Out of the material that follows, write out exactly the lines from the line with "児童用机の2倍以上もある学習" to the line with "De berkenhouten planken", both ends included, and no others.

Dataset entries
━━━━━━

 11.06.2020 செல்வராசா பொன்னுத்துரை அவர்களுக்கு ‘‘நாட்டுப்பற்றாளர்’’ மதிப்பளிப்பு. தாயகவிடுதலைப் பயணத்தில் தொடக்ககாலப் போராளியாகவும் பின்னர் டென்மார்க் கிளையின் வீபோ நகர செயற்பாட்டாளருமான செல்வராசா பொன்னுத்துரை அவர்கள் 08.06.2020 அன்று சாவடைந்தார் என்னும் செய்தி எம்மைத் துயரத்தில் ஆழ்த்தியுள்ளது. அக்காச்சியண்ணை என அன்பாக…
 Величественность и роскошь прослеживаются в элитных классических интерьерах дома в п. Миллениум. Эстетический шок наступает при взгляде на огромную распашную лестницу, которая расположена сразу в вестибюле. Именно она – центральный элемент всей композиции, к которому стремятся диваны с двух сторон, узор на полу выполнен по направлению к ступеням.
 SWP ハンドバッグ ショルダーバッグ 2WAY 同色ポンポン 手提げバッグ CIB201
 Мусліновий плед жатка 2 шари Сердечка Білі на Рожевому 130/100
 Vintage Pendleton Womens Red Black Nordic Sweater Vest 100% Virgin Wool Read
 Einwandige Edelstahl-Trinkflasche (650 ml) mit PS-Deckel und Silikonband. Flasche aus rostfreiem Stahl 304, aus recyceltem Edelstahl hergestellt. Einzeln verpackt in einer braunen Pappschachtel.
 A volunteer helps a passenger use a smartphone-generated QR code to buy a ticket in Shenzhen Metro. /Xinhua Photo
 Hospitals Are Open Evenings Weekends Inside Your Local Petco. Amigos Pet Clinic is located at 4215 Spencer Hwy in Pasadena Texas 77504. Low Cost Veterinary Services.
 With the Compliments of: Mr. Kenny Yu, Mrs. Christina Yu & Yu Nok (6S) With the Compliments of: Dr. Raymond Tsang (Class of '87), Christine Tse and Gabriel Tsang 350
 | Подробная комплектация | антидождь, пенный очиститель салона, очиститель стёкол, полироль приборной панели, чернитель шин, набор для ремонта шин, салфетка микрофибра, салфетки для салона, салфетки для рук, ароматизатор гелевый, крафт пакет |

━━━━━━

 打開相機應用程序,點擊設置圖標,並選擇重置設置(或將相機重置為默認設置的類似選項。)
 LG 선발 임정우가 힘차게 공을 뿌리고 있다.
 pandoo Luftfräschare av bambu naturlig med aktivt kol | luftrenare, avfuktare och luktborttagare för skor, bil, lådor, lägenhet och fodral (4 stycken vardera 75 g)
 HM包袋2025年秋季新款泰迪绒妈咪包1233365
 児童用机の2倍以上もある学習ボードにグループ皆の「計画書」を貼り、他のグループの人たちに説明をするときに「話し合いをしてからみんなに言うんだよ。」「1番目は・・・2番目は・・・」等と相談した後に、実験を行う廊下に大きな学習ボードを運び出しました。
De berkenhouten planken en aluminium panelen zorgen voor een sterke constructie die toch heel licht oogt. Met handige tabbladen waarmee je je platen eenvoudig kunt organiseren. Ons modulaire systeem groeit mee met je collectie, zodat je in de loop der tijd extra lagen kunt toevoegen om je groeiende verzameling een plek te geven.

━━━━━━

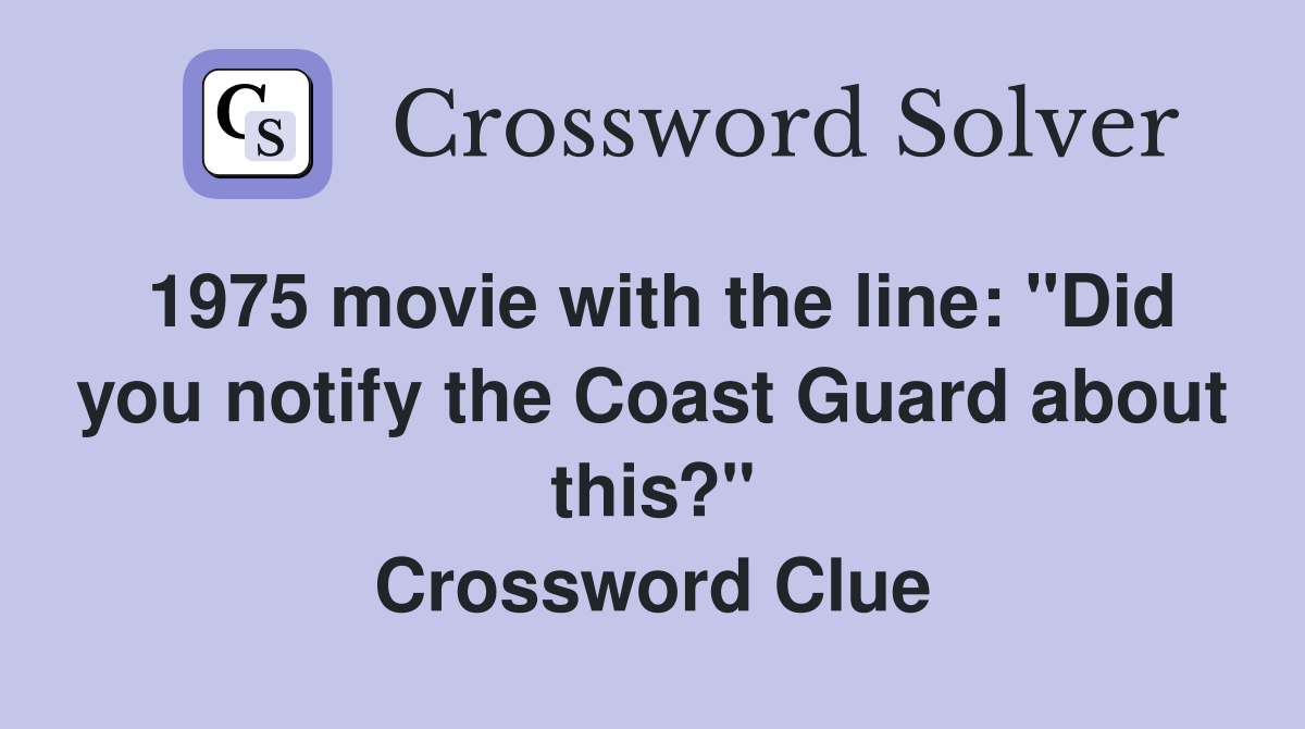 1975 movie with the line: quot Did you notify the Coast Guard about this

━━━━━━

Expected answer
 児童用机の2倍以上もある学習ボードにグループ皆の「計画書」を貼り、他のグループの人たちに説明をするときに「話し合いをしてからみんなに言うんだよ。」「1番目は・・・2番目は・・・」等と相談した後に、実験を行う廊下に大きな学習ボードを運び出しました。
De berkenhouten planken en aluminium panelen zorgen voor een sterke constructie die toch heel licht oogt. Met handige tabbladen waarmee je je platen eenvoudig kunt organiseren. Ons modulaire systeem groeit mee met je collectie, zodat je in de loop der tijd extra lagen kunt toevoegen om je groeiende verzameling een plek te geven.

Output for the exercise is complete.